— Available data —
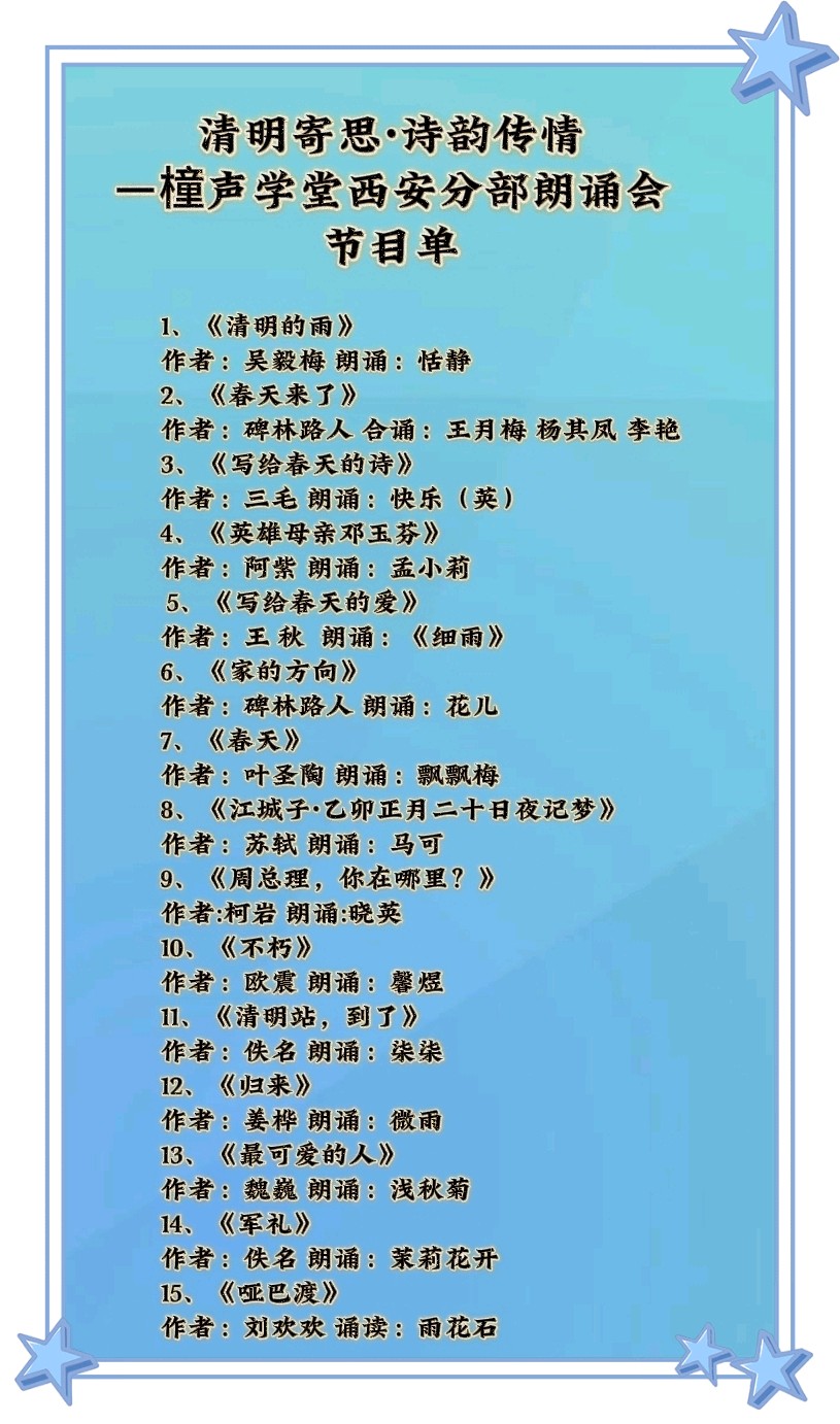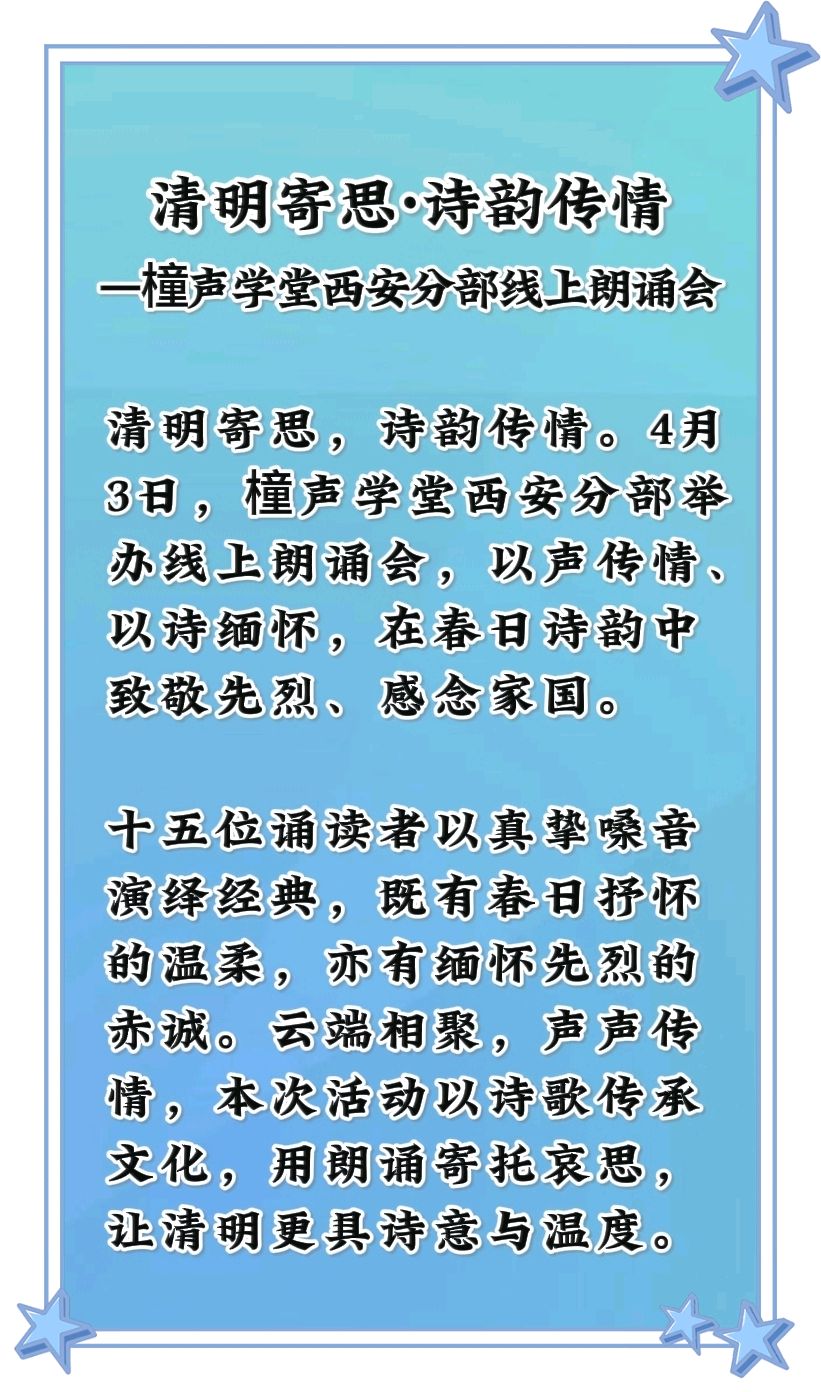 【橦声学堂】西安分部 ‖ 清明祭思·声韵传情 ‖ 线上朗诵会
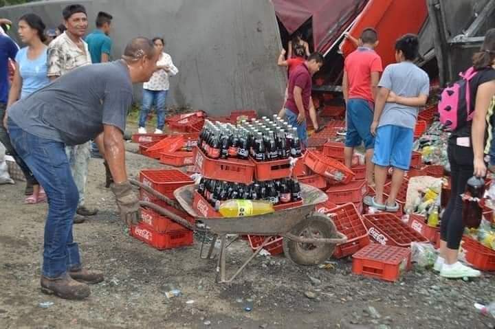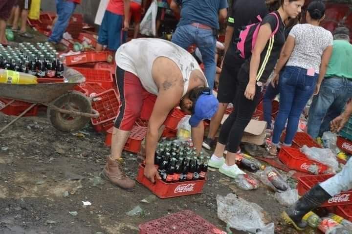 En las imágenes que se difundieron en las redes sociales, donde se observa la rapiña se puede ver a quienes se llevaban los productos con una felicidad total por estar obteniendo refrescos gratis, sin importan que pasaría con las personas que viajaban en el tráiler.
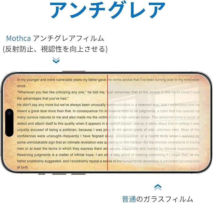 Mothca アンチグレア iPhone 15 Pro Max対応 ガラスフィルム 保護フィルム 強化ガラス サラサラ タッチ感 ゲームフィルム ガイド枠付き 液晶 日本旭硝子製素材 指紋防止 反射防止 硬度9H 飛散防止 キズ防止 衝撃吸収 撥油性 疎水 アンチグレアフィルム

— Work instruction —
What is needed is an exact copy of the lines from the one with "En las imágenes" through the end of the data above, both included, minus any pictures.

— Exercise output —
 En las imágenes que se difundieron en las redes sociales, donde se observa la rapiña se puede ver a quienes se llevaban los productos con una felicidad total por estar obteniendo refrescos gratis, sin importan que pasaría con las personas que viajaban en el tráiler.
 Mothca アンチグレア iPhone 15 Pro Max対応 ガラスフィルム 保護フィルム 強化ガラス サラサラ タッチ感 ゲームフィルム ガイド枠付き 液晶 日本旭硝子製素材 指紋防止 反射防止 硬度9H 飛散防止 キズ防止 衝撃吸収 撥油性 疎水 アンチグレアフィルム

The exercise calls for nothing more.